Key Highlights
- Michael Saylor shared his signature “Orange Dots” visualization on X, a reliable indicator of forthcoming Bitcoin acquisitions.
- The company’s Bitcoin reserves reached 815,061 BTC following a recent $2.54 billion purchase.
- Strategy’s preferred stock instrument STRC continues hovering slightly beneath its $100 par value benchmark.
- Yield platform Saturn expanded its STRC holdings to $33 million total.
- Gold advocate Peter Schiff issued warnings about a possible “death spiral,” labeling STRC “the most obvious Ponzi that has ever existed.”
Michael Saylor seems poised to execute another substantial Bitcoin acquisition. Late Sunday, April 26, the Strategy executive chairman shared the company’s distinctive “Orange Dots” visualization on X — a signal that has reliably foreshadowed official BTC purchase disclosures in the past.
The social media update, titled “The ₿eat Goes On,” displayed 107 separate Bitcoin transactions executed since 2020. Historical trends indicate an 8-K regulatory filing announcing the latest acquisition could materialize as early as Monday.
Just days earlier, Strategy finalized its previous transaction — acquiring 34,164 BTC for approximately $2.5 billion. This expansion elevated the company’s aggregate Bitcoin position to 815,061 BTC, currently worth an estimated $63.6 billion based on prevailing market rates.
For context, the second-largest corporate Bitcoin holder, Twenty One Capital, possesses merely 43,514 BTC — a fraction of Strategy’s reserves.
Strategy’s average acquisition price stands at roughly $75,528 per Bitcoin. With Bitcoin currently trading around $78,000, the corporate treasury has recovered from a significant unrealized $14.5 billion deficit reported in Q1 2026 — stemming from Bitcoin’s dramatic descent from above $126,000 in October 2025 to approximately $60,000 by February.
Bitcoin supporter Adam Livingston forecasts the enterprise will accumulate 1.2 million BTC before 2026 concludes, with valuation projections closely linked to ongoing STRC capital-raising activities.
STRC Struggles to Maintain Par Value Amid Demand Concerns
The financing mechanism Strategy employs for these acquisitions — STRC, its Variable Rate Series A Perpetual Preferred Stock — has attracted mounting scrutiny. This security provides an 11.5% annualized dividend distributed monthly and serves as a primary capital generation tool.
However, STRC has persistently traded marginally beneath its $100 par value, a critical benchmark investors monitor closely. Saturn, a yield-focused investment platform utilizing STRC, recently increased its holdings by $18 million, elevating total exposure to $33 million. Nevertheless, the share price remains stuck below the $100 threshold.
Certain market observers interpret this stagnation as evidence of subdued institutional appetite. The STRC investor community acknowledged the security was “still recovering at $99.64” entering the weekend.
Strategy’s Bitcoin accumulation velocity is attracting notice for additional reasons. According to Bitcoin proponent Samson Mow, Strategy currently purchases Bitcoin at triple the rate of new mining production — a pace potentially capable of straining available exchange inventories.
Peter Schiff Issues ‘Death Spiral’ Cautionary Statement
Peter Schiff, a prominent Bitcoin skeptic, has intensified his criticism of STRC recently. He contends the business model contains fundamental vulnerabilities.
“The assertion that Bitcoin merely needs 2% annual appreciation to sustain the 11.5% STRC yield indefinitely presumes MSTR halts STRC issuance,” Schiff stated on X. He cautioned that accelerating issuance would necessitate proportionally faster Bitcoin price growth to maintain dividend payments.

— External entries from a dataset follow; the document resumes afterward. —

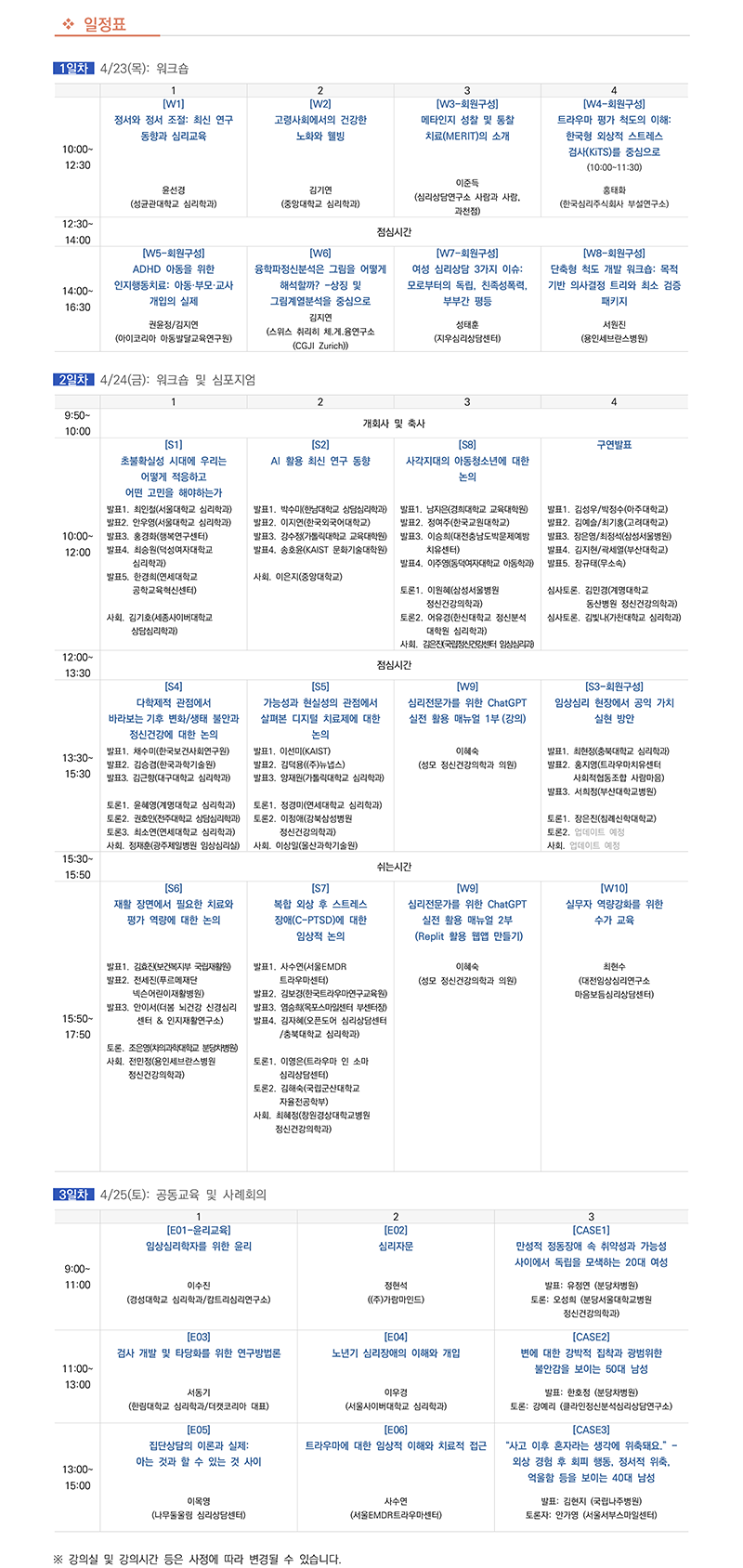 · 3일차 사례회의발표: 온라인 사례회의 지침에 따라 최대 95명까지 신청할 수 있으며, 선착순으로 접수를 진행합니다. (증원 불가, 증원계획 없음) 내담자 개인정보 보호와 관련한 윤리규정이 강화됨에 따라 사례회의 참관가능자를 <한국임상심리학회 회원>으로 제한됩니다. 비회원(게스트/승인대기자)은 사전등록 기간 중 사례회의 참관을 신청하는 경우 동시간 대 다른 강의로 변경될 예정이오니 이 점 양해 부탁드립니다.
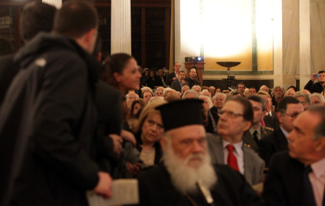 Κατά τη διάρκεια εκδήλωσης για την ελληνική γλώσσα στην Ακαδημία Αθηνών τέσσερις γυναίκες και μία ανήλικη κοπέλα επιτέθηκαν φραστικά στον πρωθυπουργό Αντώνη Σαμαρά και τον πρόεδρο της Δημοκρατίας Κάρολο Παπούλια αποκαλώντας τους προδότες. Ωστόσο αν και οι δύο άντρες ενοχλήθηκαν από το περιστατικό παρέμειναν ψύχραιμοι και δεν φοβήθηκαν σε αντίθεση με τον πρώην υπουργό Βύρωνα Πολύδωρα, ο οποίος φαίνεται να αιφνιδιάστηκε.
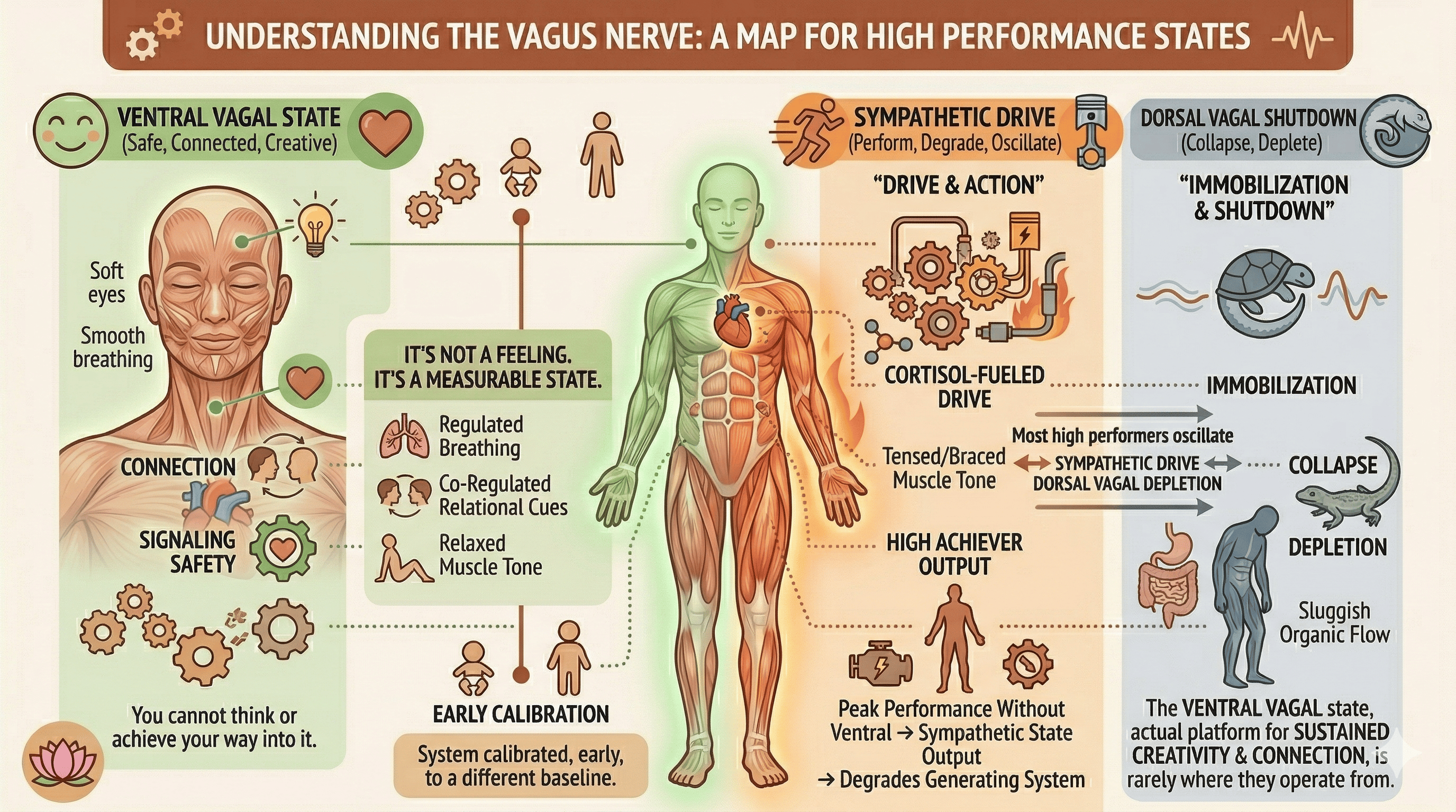 Most high performers oscillate between sympathetic drive and dorsal vagal depletion. The ventral vagal state, the actual neurological platform for sustained creativity and genuine connection, is rarely where they operate from. Not for lack of effort. Because the system was calibrated, early, to a different baseline.
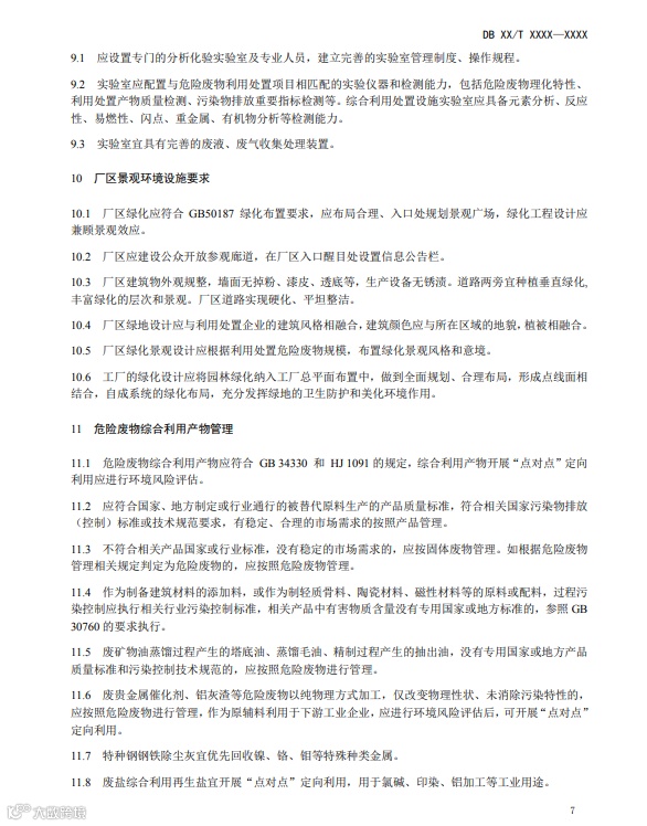 9.2实验室应配置与危险废物利用处置项目相匹配的实验仪器和检测能力,包括危险废物理化特性、利用处置产物质量检测、污染物排放重要指标检测等。综合利用处置设施实验室应具备元素分析、反应性、易燃性、闪点、重金属、有机物分析等检测能力。

Schiff escalated his rhetoric, characterizing STRC as “the most obvious Ponzi that has ever existed” and projecting that the sole escape from a potential collapse would involve dividend suspension — an outcome he predicts would trigger cascading losses across STRC, Strategy equity, and Bitcoin valuations.
He has additionally highlighted potential regulatory liability for Saylor connected to the preferred stock architecture.
Seeking Alpha analyst Rida Morwa expressed parallel reservations, observing that Strategy is “issuing preferred equity like it is going out of style” and that the strategy hinges on perpetual equity offerings or asset liquidations to fund ongoing distributions.
Strategy has remained publicly silent regarding these criticisms. The anticipated Monday 8-K disclosure should verify whether another Bitcoin purchase has indeed occurred.